Prediction of target miRNAs and the construction of ceRNA networks

Five online miRNA databases (namely miRDIP, the Encyclopedia of RNA Interactomes [ENCORI], TargetScan, DIANA-micro T, and miRWalk) (accessed on 19 October 2021) were used to predict the target miRNAs of genes of interest with the default parameters [20, 32]. In this study, if a gene (such as gene A) could be targeted by a certain miRNA in at least four of the five databases, then it was defined as the target miRNA of gene A. Based on the miRNA predict result of the interested genes by the five miRNA databases, the miRNA–mRNA pairs were obtained. Then, those gene pairs were imported in Cytoscape software, and the visualization results of miRNA-mRNA co-expressed network was generated.

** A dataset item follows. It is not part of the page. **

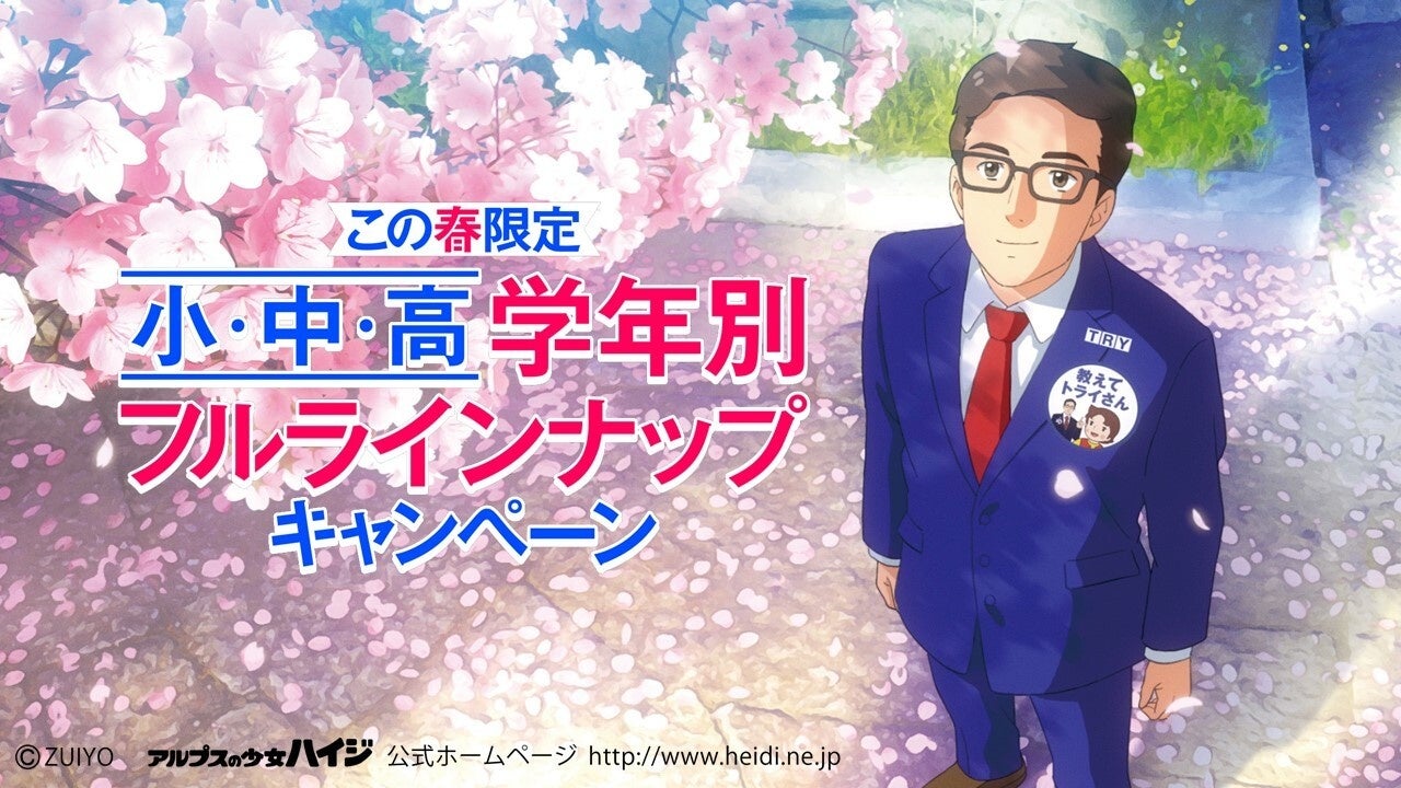 またキャンペーン開始に伴い新CMも公開。トライさんがハイジ・クララに「新学期の準備はどうだい?」「君は一人じゃない」と語りかける姿は、すべてのお子さまに寄り添うマンツーマン教育の温かみを表現。高らかなファンファーレのオリジナル楽曲に乗せてメッセージを届け、新学期への不安や悩みを頑張る勇気へと変える春の応援CMとなっております。

ENCORI (https://starbase.sysu.edu.cn/index.php) (accessed on 26 October 2021) was used to predict lncRNAs that interacted with the miRNAs of interest using the following screening criteria: mammalian, human h19 genome, strict stringency (≥ 5) of CLIP-Data, and the presence or absence of degradome data [33]. The ceRNA networks of mRNAs, miRNAs, and lncRNAs were constructed using Cytoscape.

Herbal medicines

Sea Buckthorn was purchased from Tongrentang (Beijing, China) (No.221109004) and Gnaphalium Affine was purchased from KANGMEI PHARMACEUTICAL CO..LTD. (Guangdong, China) (No.3014258). The proportion of Chinese medicine and water is 100 g: 1200 ml water boil to 100 ml for decocting medicine, and then use EYELA freeze-drying machine FDU-2110 (TOKYO RIKAKIKAI CO..LTD., SER.NO. 12211071) to freeze dry into powder, and finally mix into 25 mg/ml concentration.

Cell culture

Human fetal lung fibroblasts cells were purchased from Wuhan Procell Life Science and Technology Co., Ltd. (Wuhan, China). HFL fibroblast cells were cultured in Ham's F-12 K medium containing 10% fetal bovine serum and 1% penicillin–streptomycin solution at 37 °C and 5% CO2. Then, the cultured cells were divided into a control group and a model group. A pulmonary fibrosis cell model was established through HFL fibroblast cells induced by TGF-β1 (5 ng/mL) to activate fibroblasts, while the control group was not treated. The changes in HFL cells induced by TGF-β1 are similar to the pathological changes in human pulmonary fibrotic disease, suggesting that a TGF-β1-induced fibroblast activation model has been successfully established, which has also been used as a model for interstitial pneumonia in other studies [34, 35]. After 6 h of induction, two groups of cells were harvested for quantitative polymerase chain reaction (qPCR) experiments.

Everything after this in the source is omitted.